3/5 bridges: the Corrieyairack Pass.
29th March 2022
(Above) Garva Bridge over the Spey at Garvamore in the upper reaches of the catchment and immediately behind the Creag Meagaidh National Nature Reserve. The snowy slopes in the photo extend up to the Carn Liath plateau. The bridge was built by General Wade in 1732 and is still in use today. It formed part of a military road built between Dalwhinnie and Fort Augustus that crossed the Corrieyairack Pass at 780m. General Wade’s accounts for 1731 includes an item for £466, ‘For building Five Stone Bridges, one of 2 Arches and 4 of one Arch’.
(Above) Was restored in the 1980s. The bridge is tucked away behind some woodland at Melgarve and is not immediately visible. Look out for a white sign set back from the road close to where the public tarmac road ends. It’s a fine piece of work and a good ‘save’.
(Above) 400m upstream of Melgarve East is a blunt and workmanlike affair built to allow construction traffic access during the upgrading of the then-controversial Beauly to Denny power lines and pylons. A separate haul road was built parallel to the route of General Wade’s Military Road to enable this energy infrastructure work.
(Above) The public road end at Melgarve and the beginning of the track to the Corrieyarack Pass. The track used to be passable by road traffic (4×4) but has become an official Ancient Monument in the care of Historic Scotland and vehicle access is now prohibited and has been for some time.
(Above) Ancient & modern. #3 of 5. The abutments of a Wade bridge, a ford, a modern footbridge, plus the ever-present and difficult to ignore pylons and power lines. The other two Wade bridges (‘the £466 contract‘) are located on the headwaters of the River Tarff , NW of the Corrieyairack watershed.
(Above) Close to the summit of the Corrieyarack Pass. Remaining snow patches lie on north and east-facing aspects. The pass tops out at 780m. General Wade’s Road zig-zags up the steepest section – part of it visible left in the photo – which isn’t quite snow-free yet. All snow patches continue to slowly deplete and are well bonded.

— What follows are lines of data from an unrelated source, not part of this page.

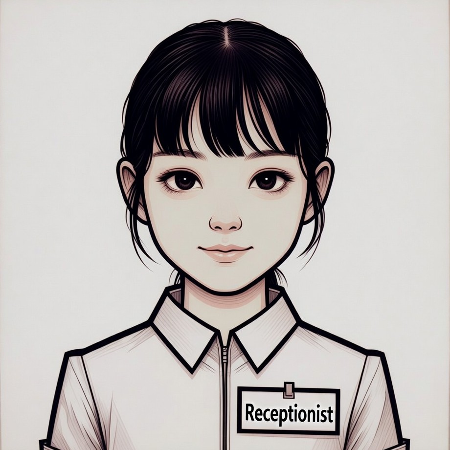 An anime-style illustration of a young Asian woman with straight black hair and large expressive eyes. She wears a white collared uniform shirt with a name tag labeled 'Receptionist'. The portrait is on a plain white background.
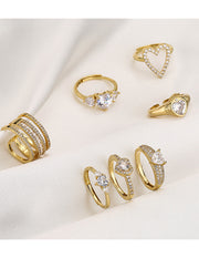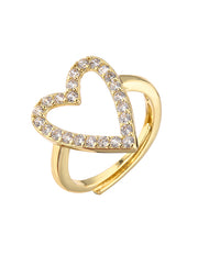 Fashion Golden Trumpet Heart Brass Zirconium Heart Open Ring
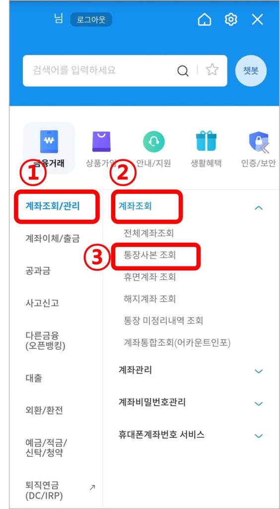 우리은행 통장사본 발급 방법
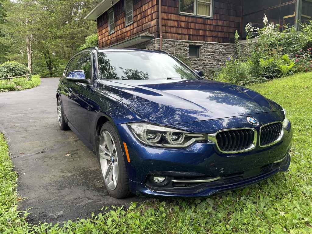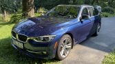 This 2016 BMW 328i xDrive Sports Wagon is a Sport Line example powered by a turbocharged 2.0-liter inline-four that drives all four wheels through an eight-speed automatic transmission. The car is equipped with a Dinan exhaust system and engine management software, and it is finished in Mediterranean Blue Metallic over black Dakota leather with red accents. Features include the Cold Weather, Driver Assistance, Premium, and Technology packages in addition to 18″ Style 397 alloy wheels, a panoramic sunroof, adaptive LED headlights, and fog lights. The interior is fitted with heated power-adjustable front sport seats, heated rear seats, and a heated steering wheel along with a Harman Kardon sound system, a rearview camera, adaptive cruise control, Comfort Access keyless entry, and iDrive infotainment with navigation.
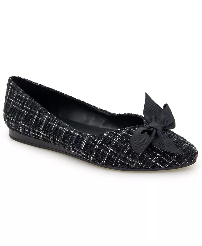 Текстурированная твидовая ткань подчеркивает элегантность туфель Kenneth Cole Reaction Lily Bow с острым носком и плоским верхом, украшенных очаровательным бантом из ленты.
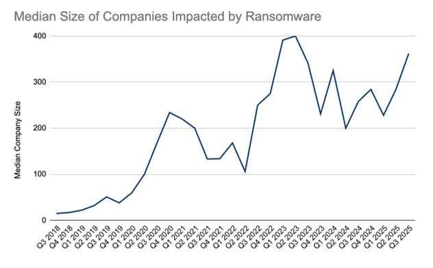 The median company size of enterprises impacted by a cyber extortion incident was 362 employees (up 27% from Q2 2025) in Q3 2025. The fact that payment frequency and payment amounts are down — a notable paradox that challenges the “big game hunting” assumption that larger targets guarantee bigger payouts. This suggests that while attackers may invest more to reach larger organizations, the return on investment is not assured.
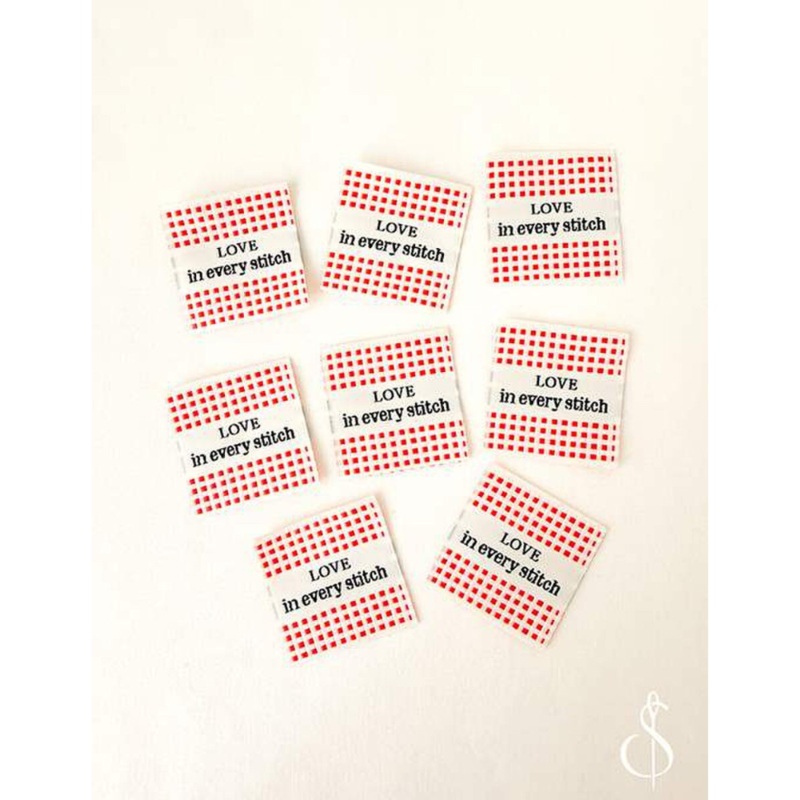 The Check Love Woven Labels by Minki Kim of Sewing Illustration add the perfect personalized touch to your quilting and sewing projects.
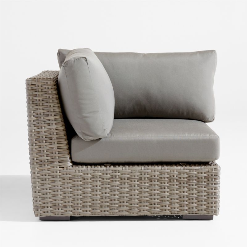 Low-slung and ready to lounge, our Abaco outdoor sectional collection extends an invitation to kick back and relax. Each corner chair is handwoven in grey-brown, weather-resistant resin wicker in a chunky, textural weave. The chair's modern, boldly proportioned frame of lightweight aluminum offers a deep seat. Neatly tailored with bullnose fronts and boxed sides, the grey seat and back cushions add on a layer of comfort covered in fade-, stain-, water- and mildew-resistant Sunbrella acrylic. The corner with cushions combines with other Abaco sectional components to fashion outdoor seating tailored to your great outdoors.
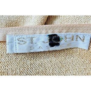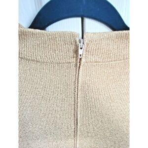 St. John L Vintage Gold Metallic Santana Knit SS Zip Back Sweater Mock Neck.
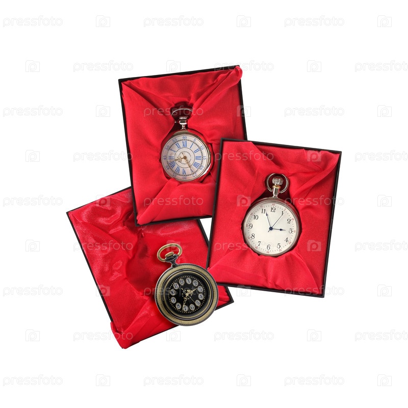 Карманные часы в красной шелковой коробке, изолированной на белом фоне
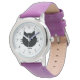 Un reloj de acero inoxidable para un gato morado de bonito con la cara de un gato que diseñé con una pequeña nariz cardíaca. Podrás personalizar fácilmente este reloj de gato morado con su nombre. Esto haría un regalo de cumpleaños perfecto para los niños, un regalo para los Navidades y más para el amante de los gatos.
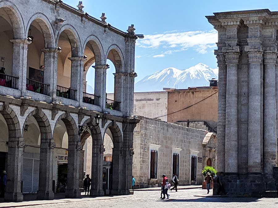 Situada sobre un altiplano al pie de tres grandes volcanes apagados y a 2,360 mts. de altura Arequipa goza de un ambiente y posición única. Tiene personalidad muy suya, acentuándose su originalidad por la utilización en sus construcciones de Sillar, piedra volcánica que se encuentra en abundancia y muy cercana a la ciudad que le ha otorgado la denominación de “Ciudad Blanca”.
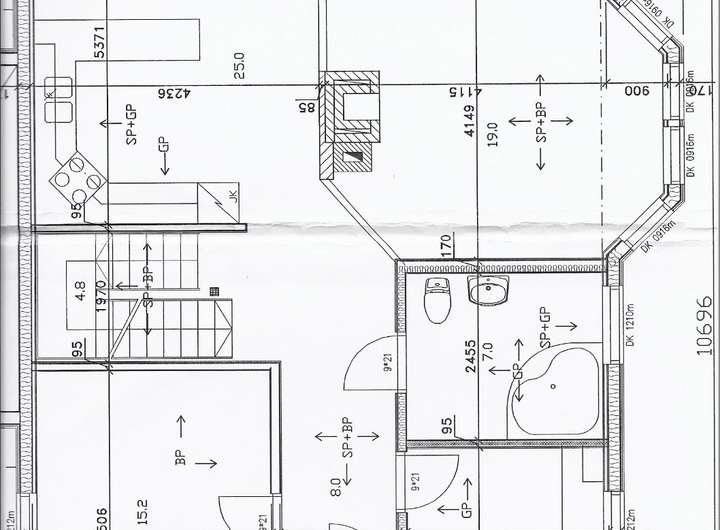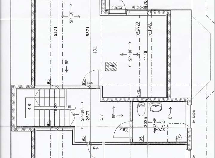 Im hinteren Bereich befindet sich das Bad (mit Außenfenster) mit gefliester, ebenerdiger Dusche und Badewanne. Ein großzügiger Hauswitschaftsraum mit zusätzlichem Gäste WC befindet sich neben dem Windfang des Hintereingangs gegenüber einem weiteren Schlafzimmer.

A contemporary traveller who crossed the Corrieyairack in 1731 recorded, ‘I heard the noise of many people and saw six great fires, about each of which a number of soldiers were busy … I found in all about five hundred men, who had this summer, with indefatigable pains, completed the great road for wheel-carriages between Fort Augustus and Ruthven . . . General Wade had given to each detatchment an ox-feast, and liquor; six oxen were roasted whole, one at the head of each party.’